To extract information from data, a wide variety of data mining techniques are employed.
These include:
->classification
->clustering
->association rule learning
->regression
->anomaly detection
->sequential pattern mining
Depending on data characteristics, batch or real-time processing can be used. The first one works for big amounts of data collected over a certain period. Real-time processing applies to systems with dynamically updated data, the example of which is Google Analytics real-time overview report that reflects the website user activity happening here and now.
Classification
Classification is used to divide data into predetermined groups or classes. This data mining technique determines the class to which a record belongs based on the values of several attributes. The goal is to sort data into predefined classes. Most commonly, classification involves predicting a target variable that can take on one of two or more possible values (e.g., spam/not spam; positive or neutral/negative review) given one or more input variables called predictors.
![](https://codelido.com/assets/files/2022-12-27/1672131915-394225-image.png)
Clustering
Clustering is a technique for grouping related entries in a database into clusters based on their similarities. Whereas classification assigns variables into known categories, the clustering technique first singles out these clusters in the dataset and then groups variables based on their characteristics.

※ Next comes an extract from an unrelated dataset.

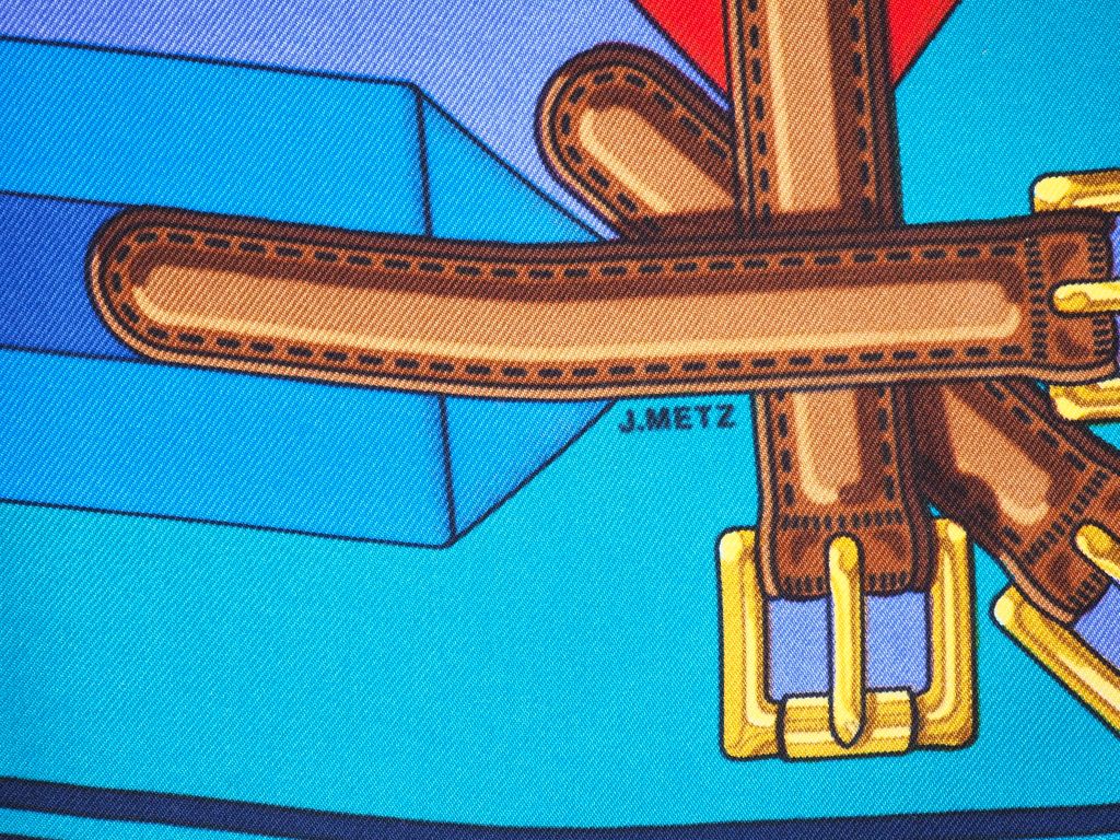 HERMES, Paris Carré en soie polychrome, modèle "Les sangles". Dessin par J. Metz. Signé. Dans sa boite (petite tâches)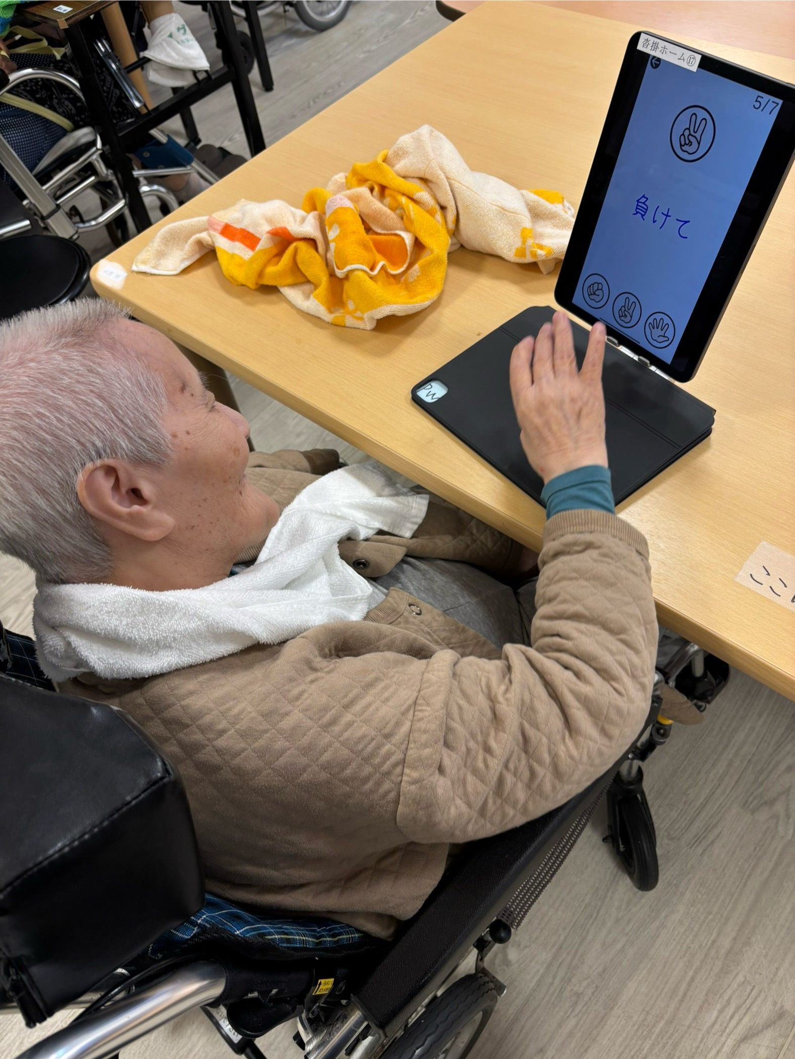 昼下がりの時間になるとおやつなど召し上がり少し時間があるので、本日はiPadを活用し脳トレをしていただきました。

For example, you can cluster customers into groups according to the sales data – those who regularly buy pet food or specific drinks and who are stable in their preferences and customer behavior. Once you establish these clusters, you can easily target them with customized advertisements.
Clustering has a wide range of applications:
->medical diagnostics
->computational biology
->text mining
->web analytics
![](https://codelido.com/assets/files/2022-12-27/1672132033-97569-image.png)
Association rule learning
Association rule learning discovers if-then patterns between two or more variables. The simplest example is the association between buying bread and butter. People that buy bread usually get butter with it, and vice versa. That is why you will find these two products close to one another in a grocery store.
However, the link may be not that direct. For instance, in 2004 Walmart discovered that the sales of Strawberry Pop-Tarts were at their peak before the hurricane. People stocked up not only the necessities like batteries but also these popular desserts. In retrospect, the psychological motivation is quite obvious: during emergencies, your favorite food gives you a sense of security, and tarts with a long shelf life are a perfect option. But to determine this relationship, it was necessary to apply data mining techniques.
![](https://codelido.com/assets/files/2022-12-27/1672132055-623002-image.png)
Regression
Regression establishes a relationship between variables. Its goal is to discover the right function that describes the relationship. If a linear function (y = ax + b) is used, the process is called linear regression analysis. For other types of dependencies, methods such as multiple linear regression, polynomial regression, etc. can be used.
Its most common application is planning and modeling. One example is forecasting customers’ age based on their purchase history. We can also predict costs based on such variables as consumer demand – for example, a surge of prices on the secondary market due to the increased demand for cars in the US.
Anomaly detection
Anomaly detection is a data mining technique used to identify outliers (values that deviate from the norm). For example, in e-commerce datasets, it can detect unusual sales during a given week at a store location. Among other things, it can be used to discover credit or debit fraud and identify intrusion or interruption in the network.